Work item - Write out all of the records exactly once more and skip the images.

Dataset extract -
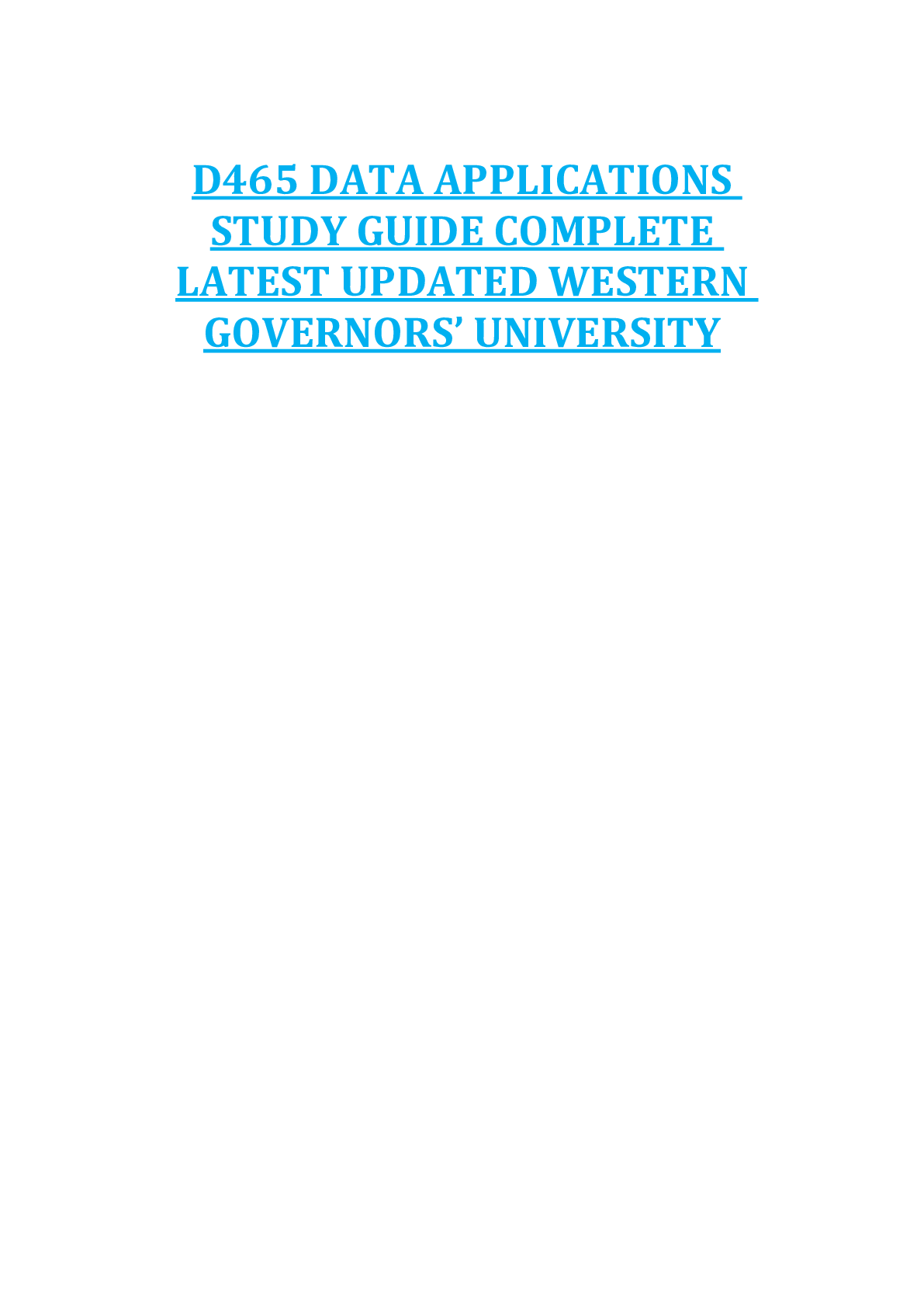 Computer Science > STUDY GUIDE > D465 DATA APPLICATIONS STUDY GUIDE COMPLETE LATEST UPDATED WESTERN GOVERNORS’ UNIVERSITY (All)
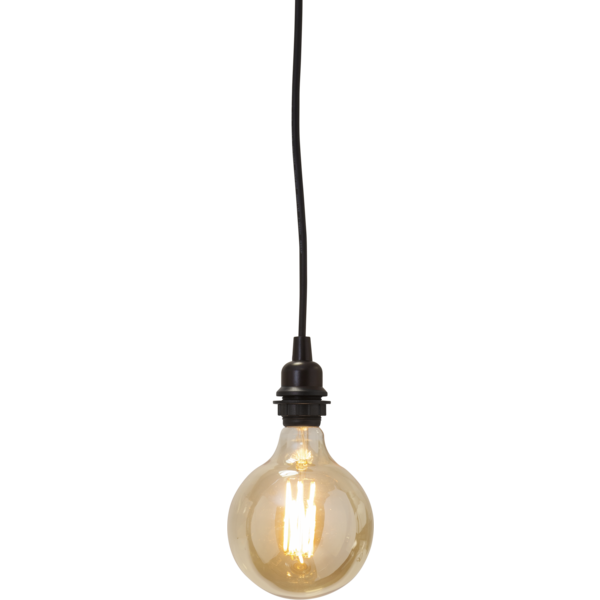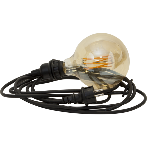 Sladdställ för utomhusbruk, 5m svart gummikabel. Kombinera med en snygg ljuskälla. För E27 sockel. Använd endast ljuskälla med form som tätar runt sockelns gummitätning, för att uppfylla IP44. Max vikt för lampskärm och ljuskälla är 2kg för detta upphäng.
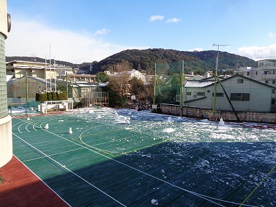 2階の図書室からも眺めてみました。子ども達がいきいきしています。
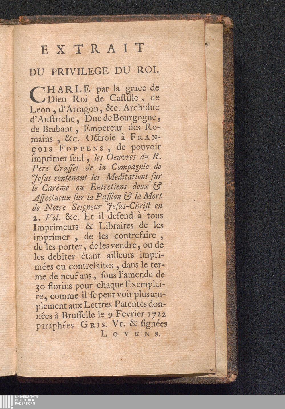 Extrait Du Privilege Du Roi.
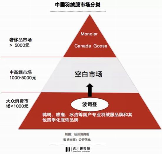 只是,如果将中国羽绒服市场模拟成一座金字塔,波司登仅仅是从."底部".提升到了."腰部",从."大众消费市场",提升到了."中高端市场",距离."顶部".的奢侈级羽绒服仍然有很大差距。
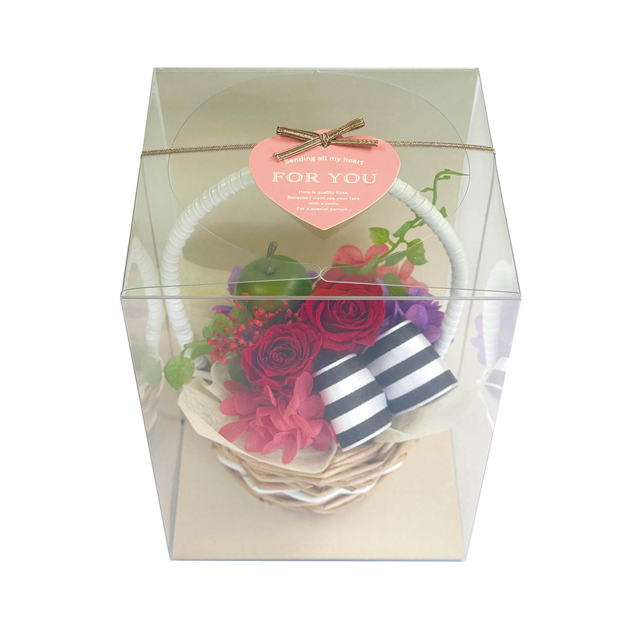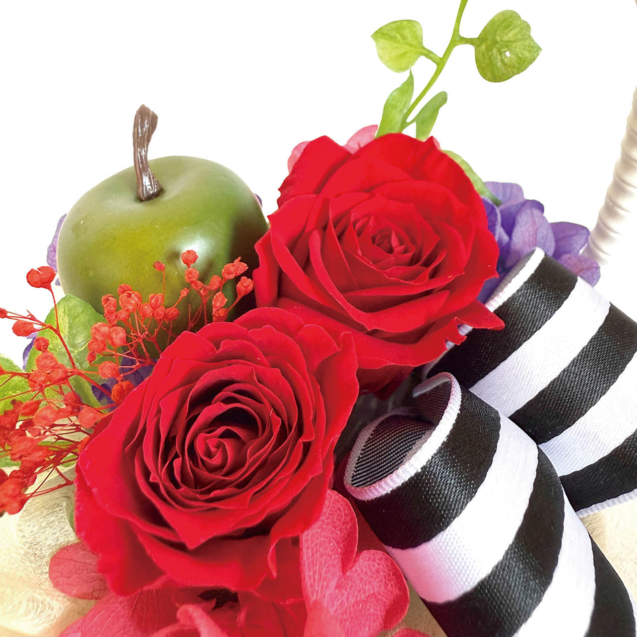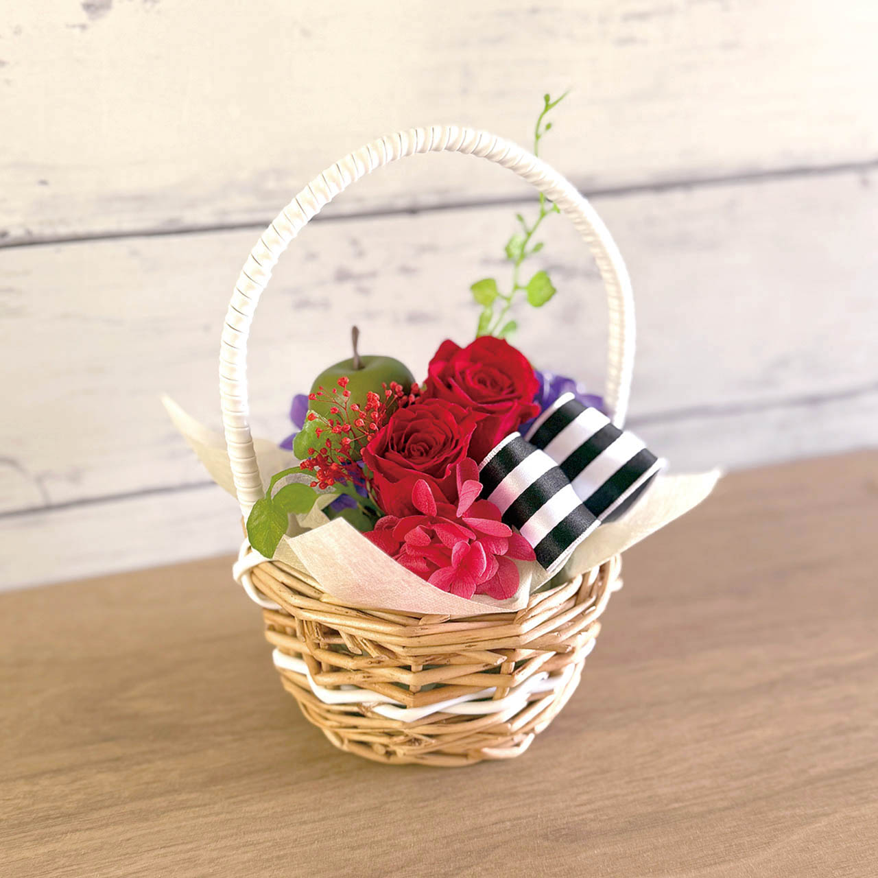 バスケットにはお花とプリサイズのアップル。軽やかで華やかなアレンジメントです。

The completed task -
 Computer Science > STUDY GUIDE > D465 DATA APPLICATIONS STUDY GUIDE COMPLETE LATEST UPDATED WESTERN GOVERNORS’ UNIVERSITY (All)
 Sladdställ för utomhusbruk, 5m svart gummikabel. Kombinera med en snygg ljuskälla. För E27 sockel. Använd endast ljuskälla med form som tätar runt sockelns gummitätning, för att uppfylla IP44. Max vikt för lampskärm och ljuskälla är 2kg för detta upphäng.
 2階の図書室からも眺めてみました。子ども達がいきいきしています。
 Extrait Du Privilege Du Roi.
 只是,如果将中国羽绒服市场模拟成一座金字塔,波司登仅仅是从."底部".提升到了."腰部",从."大众消费市场",提升到了."中高端市场",距离."顶部".的奢侈级羽绒服仍然有很大差距。
 バスケットにはお花とプリサイズのアップル。軽やかで華やかなアレンジメントです。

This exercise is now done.